Popeye coincided with the Coppola going insane in the Philippines, Cimmino bankrupting UA with Heaven’s Gate, et al. Now despite making a tidy profit Popeye was Altman’s career Waterloo. It’s as if the powers that be in Hollywood said “we got away with one there, let’s not chance another H.E.A.L.T.H.

Bob was off to Elba for a decade.

Skyblade- 03-16-2007
I do think this is the review that's going to mean war, Dude. I'm just saying, if there's anything you learn from being on a film messageboard, it's that you're better off making fun of burn ward victims than childhood favorites.

You know what though?
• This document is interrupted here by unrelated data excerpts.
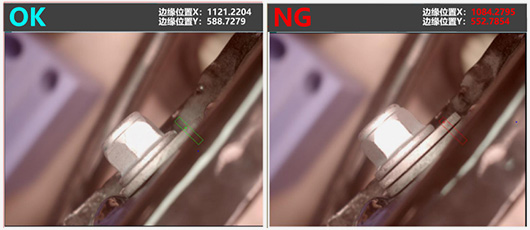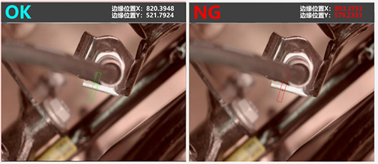 同样的,通过边缘位置计算,首先定义正确安装状态下的边缘位置X轴和Y轴的坐标点。之后的每一个也与此坐标值进行对比,一旦坐标值出现偏差则说明卡子并未安装到位,判断为NG。
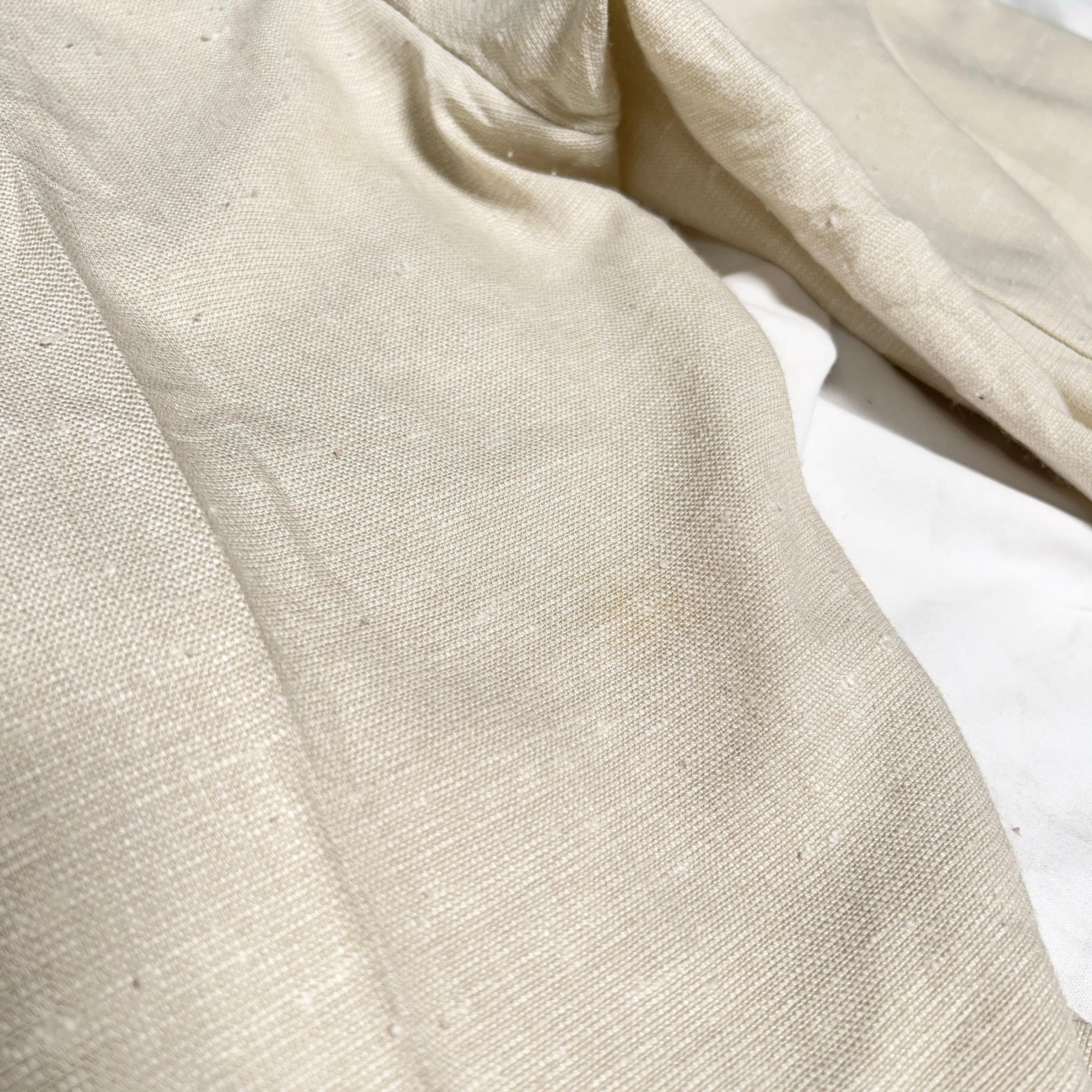 リネンスラックスのようなオフホワイトカラーでネップ感のある生地で清涼感があります。
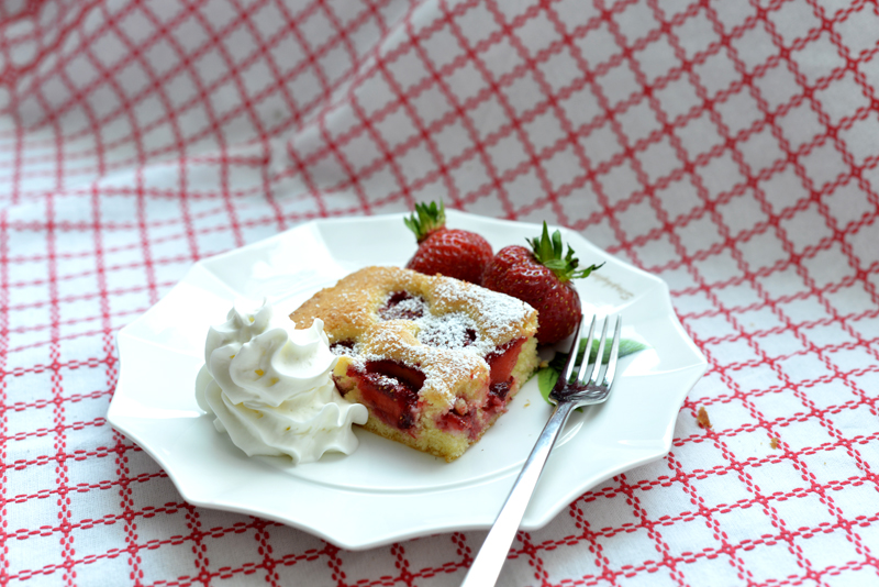 Czekacie na gości, nie macie nic słodkiego w lodówce a macie tylko godzinę? Ten przepis jest dla Was. Od kilku miesięcy (gdy przepis dostałam od mamy) w „sytuacjach kryzysowych” ratuje mi życie 🙂 Jego wykonanie to 10 minut, pozostały czas to pieczenie. Nie sugerujcie się truskawkami- możecie je zrobić z prawie wszystkimi owocami.
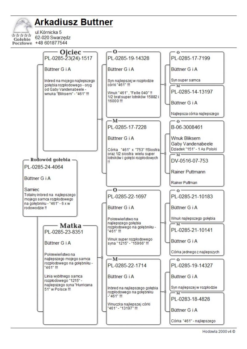 PL-0285-24-4064 Büttner G i A INBRED 461 - 6 X W RODOWODZIE
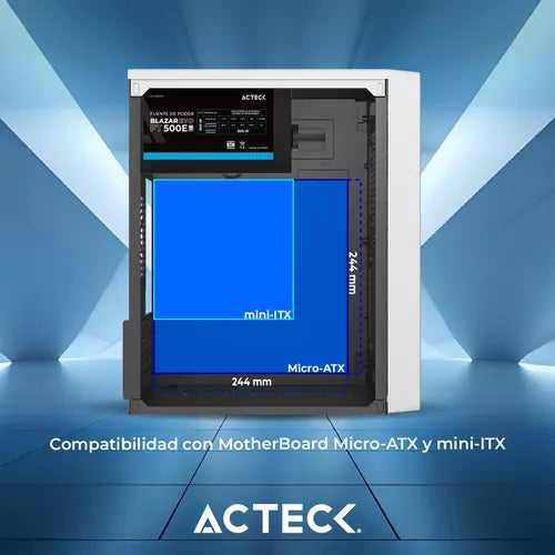 Gabinete Acteck Kioto Gc220f Matx Mini Torre Metalico 500w Blanco
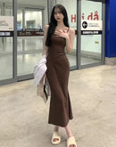 Elastic Sling Dress Women's Sleeveless Cold-shoulder
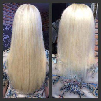 После замены кератиновых креплений, пряди у основания капсул завязать резинкой в хвост, помыть, обработать маской или бальзамом, высушить, выпрямить утюжком, если наращиваемые пряди были изначально прямыми. Волнистые и кудрявые достаточно просто высушить и обработать воском для придания текстуры.
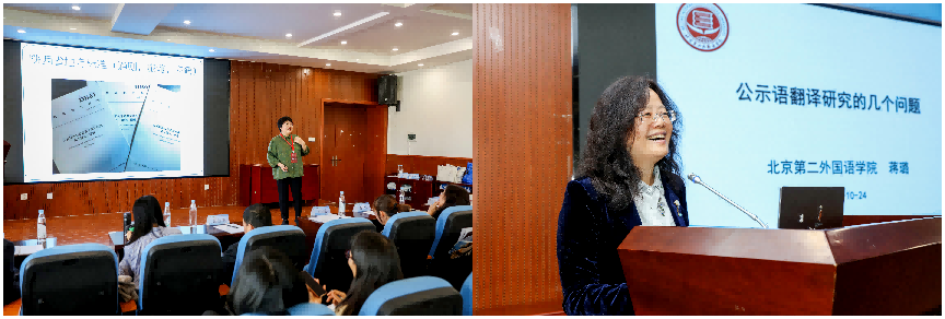 院长、北京市翻译协会监事长蒋璐、西安外国语大学旅游文化多语种译介研究中心主任杨红英分别作了有关公示语规范和翻译实践的专题报告。专题研讨促进学员对翻译理论认知与翻译教学实践深度融合,推动翻译人才培养与地方国际交流需求高效适配。
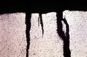 Some intercrystalline cracking may develop in this type of failure whether or not free NaOH is present. However, the predominant type of cracking is across the grain structure of the metal. Because it is mechanically induced, the cracking occurs irrespective of boiler water chemical concentrations. The cracks are often accompanied by a number of pits adjacent to or in line with the cracking- another specific indicator of the mechanical stresses imposed. Any corrosives present contribute to the formation of the pits. The normal reaction between iron and water is sufficient to cause pitting at breaks in the thin oxide film formed on freshly exposed surfaces under stress.
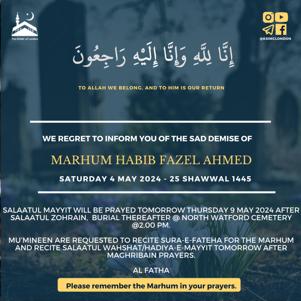We regret to inform you of the sad demise of Marhum Habib Fazel Ahmed who passed away in London and will be buried tomorrow Thursday 9 May 2024.

This was Sin City before there was Sin City, and I think the two movies should ever be bound as double features until someone rightfully makes a version of Annie where the characters have their irises digitally removed.

laddical- 03-16-2007
QUOTE
mumbled dialogue


This is actually why Altman was perfect for Popeye. All the dialogue in the old Fleischer shorts is mumbled like that.

sarabean- 03-16-2007
Dangerous Liaisons, just out of curiousity. I don't think I've ever seen John Malkovich in anything before, but he was quite impressive, and surprisingly very sexy. He really rocked all those powdered wigs and side-long glances. But the big reveal was Glenn Close. I think this is one of the best parts I've ever seen her in. The "win or die" speech she gives is awesome, and the looks on her face throughout the film (at the end, and when she realizes Valmont is in love with Madame Tourvel) are pitch-perfect.

Also, Michelle Pfeiffer is one of the gorgeous women who ever lived, as is Uma Thurman, but in a totally different way. As for Keanu Reeves... well, he was good comic relief.

I made the mistake of going to see Cruel Intentions with my mom (!!) when it came out (un. comfortable) and Malkovich's voice sounded very similar to Ryan Phillippe's to me. Actually, I guess it's the other way 'round.